Top of Source material

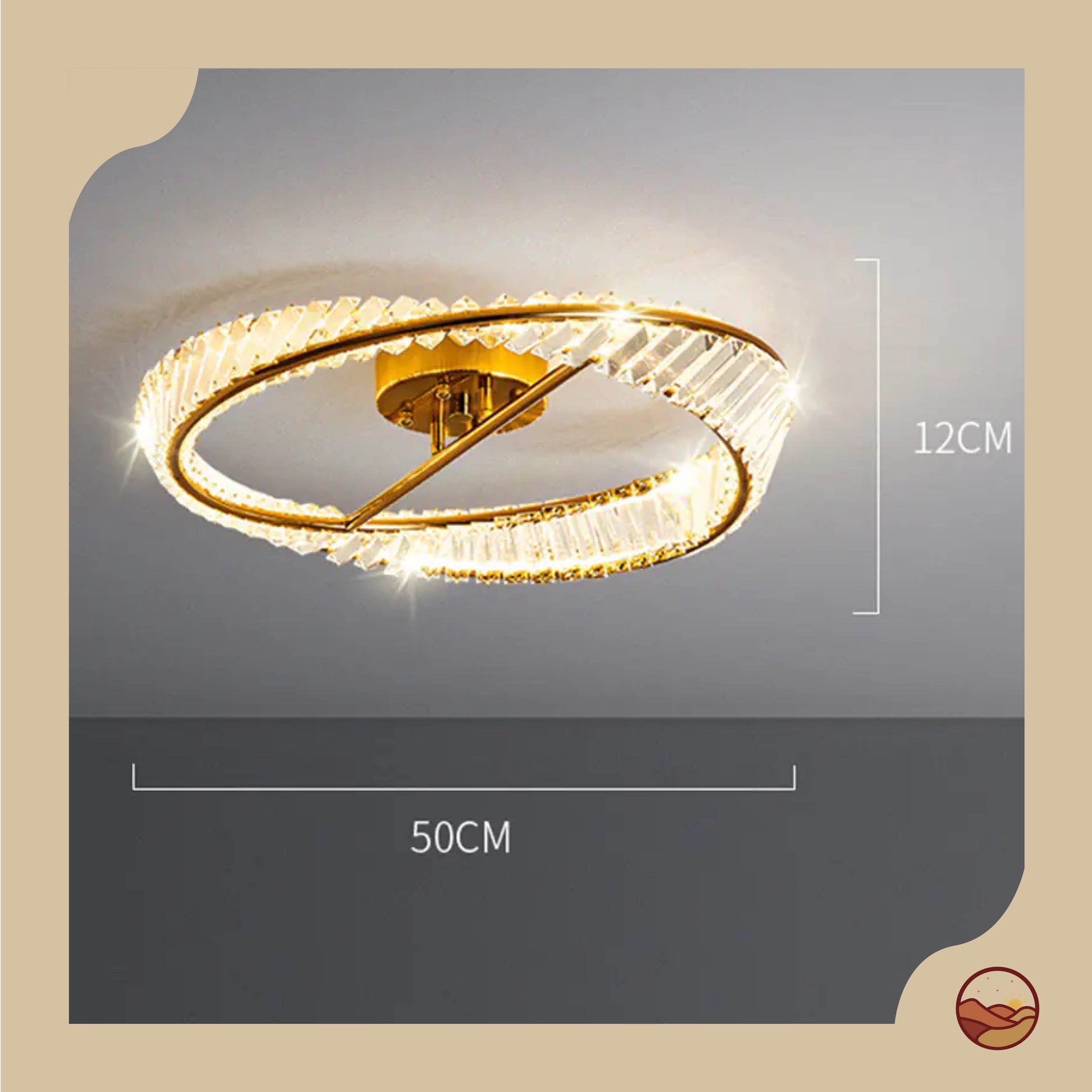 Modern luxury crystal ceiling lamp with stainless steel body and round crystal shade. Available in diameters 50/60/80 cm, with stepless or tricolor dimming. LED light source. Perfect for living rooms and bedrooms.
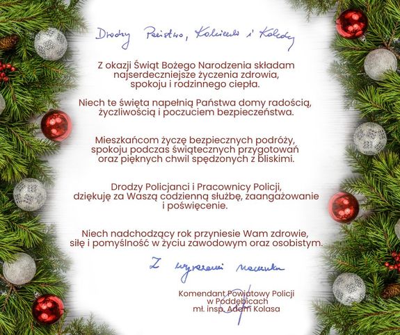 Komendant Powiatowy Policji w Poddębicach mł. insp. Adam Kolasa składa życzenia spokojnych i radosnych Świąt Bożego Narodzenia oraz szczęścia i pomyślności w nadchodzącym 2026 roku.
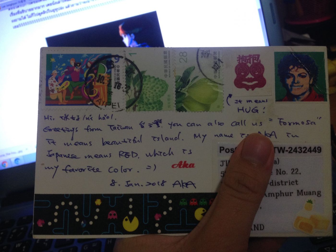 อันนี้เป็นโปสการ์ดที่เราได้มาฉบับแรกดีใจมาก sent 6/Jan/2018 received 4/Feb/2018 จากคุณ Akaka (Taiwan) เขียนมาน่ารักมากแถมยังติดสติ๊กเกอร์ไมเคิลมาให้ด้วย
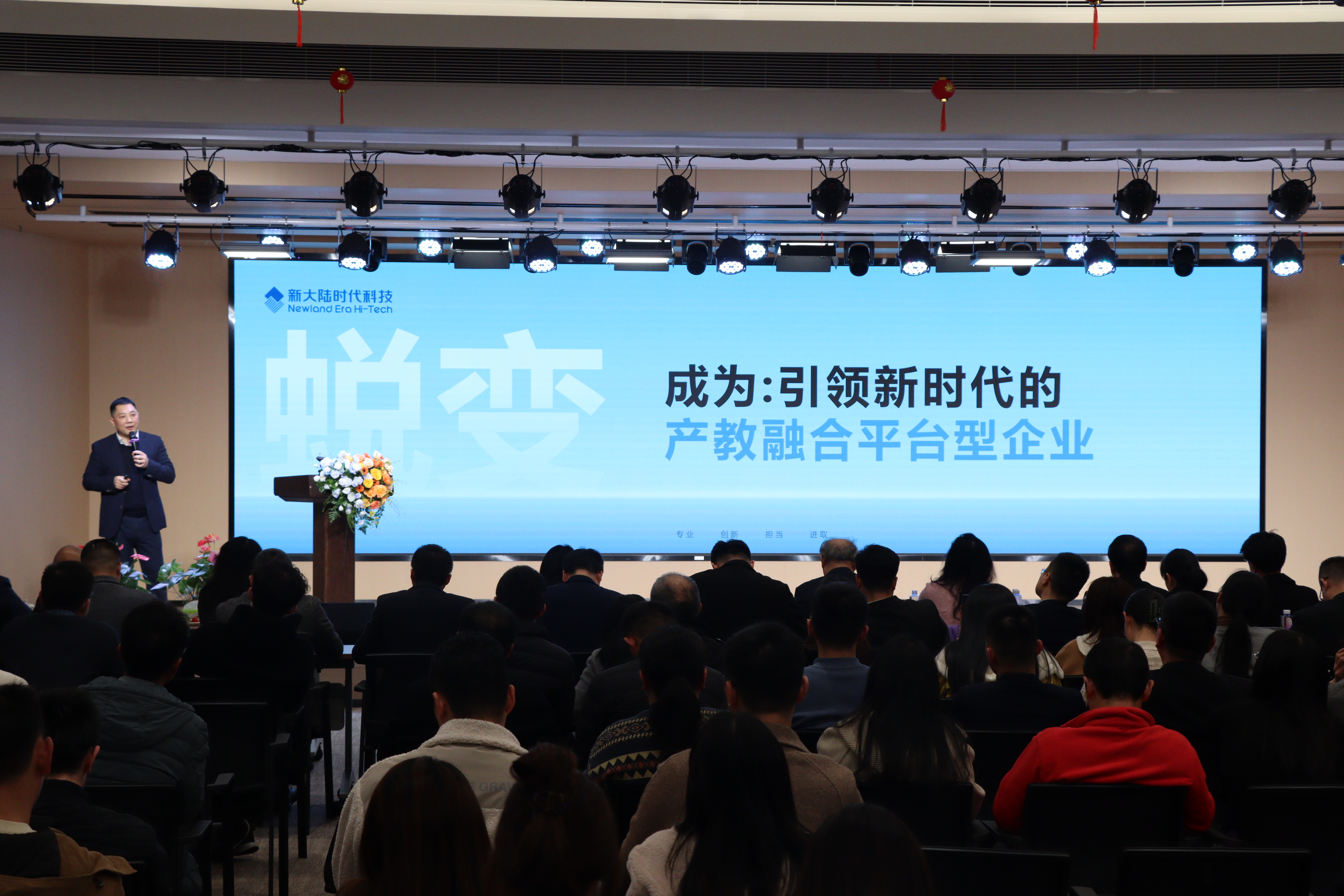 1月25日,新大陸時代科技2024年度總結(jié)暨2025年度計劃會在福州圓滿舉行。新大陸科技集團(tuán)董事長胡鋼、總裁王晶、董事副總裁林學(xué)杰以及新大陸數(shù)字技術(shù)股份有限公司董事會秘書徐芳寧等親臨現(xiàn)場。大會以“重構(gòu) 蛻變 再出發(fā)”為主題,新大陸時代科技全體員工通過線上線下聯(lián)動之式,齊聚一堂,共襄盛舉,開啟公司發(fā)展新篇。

Bottom of Source material
Top of Source material

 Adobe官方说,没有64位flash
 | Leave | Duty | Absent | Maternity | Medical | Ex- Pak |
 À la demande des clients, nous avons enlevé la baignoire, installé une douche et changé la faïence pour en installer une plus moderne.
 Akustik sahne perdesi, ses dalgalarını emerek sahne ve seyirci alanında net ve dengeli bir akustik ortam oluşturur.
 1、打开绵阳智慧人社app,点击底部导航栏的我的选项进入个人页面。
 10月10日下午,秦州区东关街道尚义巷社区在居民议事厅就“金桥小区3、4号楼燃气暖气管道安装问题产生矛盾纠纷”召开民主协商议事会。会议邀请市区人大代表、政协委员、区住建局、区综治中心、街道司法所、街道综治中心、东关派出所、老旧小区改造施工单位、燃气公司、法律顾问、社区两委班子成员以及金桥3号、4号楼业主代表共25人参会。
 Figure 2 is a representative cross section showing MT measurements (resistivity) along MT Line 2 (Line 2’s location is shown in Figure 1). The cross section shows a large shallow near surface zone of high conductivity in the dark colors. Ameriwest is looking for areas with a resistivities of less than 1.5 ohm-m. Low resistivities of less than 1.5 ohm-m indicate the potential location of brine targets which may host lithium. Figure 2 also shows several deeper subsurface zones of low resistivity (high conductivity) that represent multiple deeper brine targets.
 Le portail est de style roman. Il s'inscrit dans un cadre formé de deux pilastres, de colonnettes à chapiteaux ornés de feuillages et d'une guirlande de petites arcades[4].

Bottom of Source material
Top of Source material

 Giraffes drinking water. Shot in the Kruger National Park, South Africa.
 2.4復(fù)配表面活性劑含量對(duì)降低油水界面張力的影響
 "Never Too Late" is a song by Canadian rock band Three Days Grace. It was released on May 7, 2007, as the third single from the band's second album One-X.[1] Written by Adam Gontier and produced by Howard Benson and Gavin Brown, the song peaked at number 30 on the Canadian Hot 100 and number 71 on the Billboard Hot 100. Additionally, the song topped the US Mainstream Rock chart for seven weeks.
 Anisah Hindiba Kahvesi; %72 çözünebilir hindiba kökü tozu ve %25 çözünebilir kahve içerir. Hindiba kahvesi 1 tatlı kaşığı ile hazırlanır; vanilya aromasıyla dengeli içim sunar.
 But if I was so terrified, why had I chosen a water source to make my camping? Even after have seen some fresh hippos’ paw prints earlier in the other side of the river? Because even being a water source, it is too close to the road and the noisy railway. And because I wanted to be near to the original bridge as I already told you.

Bottom of Source material

Work request: Given the records above, restate word for word only the lines starting at the one with "10月10日下午,秦州区东关" and ending at the one with "Le portail est".

Answer to this exercise:
 10月10日下午,秦州区东关街道尚义巷社区在居民议事厅就“金桥小区3、4号楼燃气暖气管道安装问题产生矛盾纠纷”召开民主协商议事会。会议邀请市区人大代表、政协委员、区住建局、区综治中心、街道司法所、街道综治中心、东关派出所、老旧小区改造施工单位、燃气公司、法律顾问、社区两委班子成员以及金桥3号、4号楼业主代表共25人参会。
 Figure 2 is a representative cross section showing MT measurements (resistivity) along MT Line 2 (Line 2’s location is shown in Figure 1). The cross section shows a large shallow near surface zone of high conductivity in the dark colors. Ameriwest is looking for areas with a resistivities of less than 1.5 ohm-m. Low resistivities of less than 1.5 ohm-m indicate the potential location of brine targets which may host lithium. Figure 2 also shows several deeper subsurface zones of low resistivity (high conductivity) that represent multiple deeper brine targets.
 Le portail est de style roman. Il s'inscrit dans un cadre formé de deux pilastres, de colonnettes à chapiteaux ornés de feuillages et d'une guirlande de petites arcades[4].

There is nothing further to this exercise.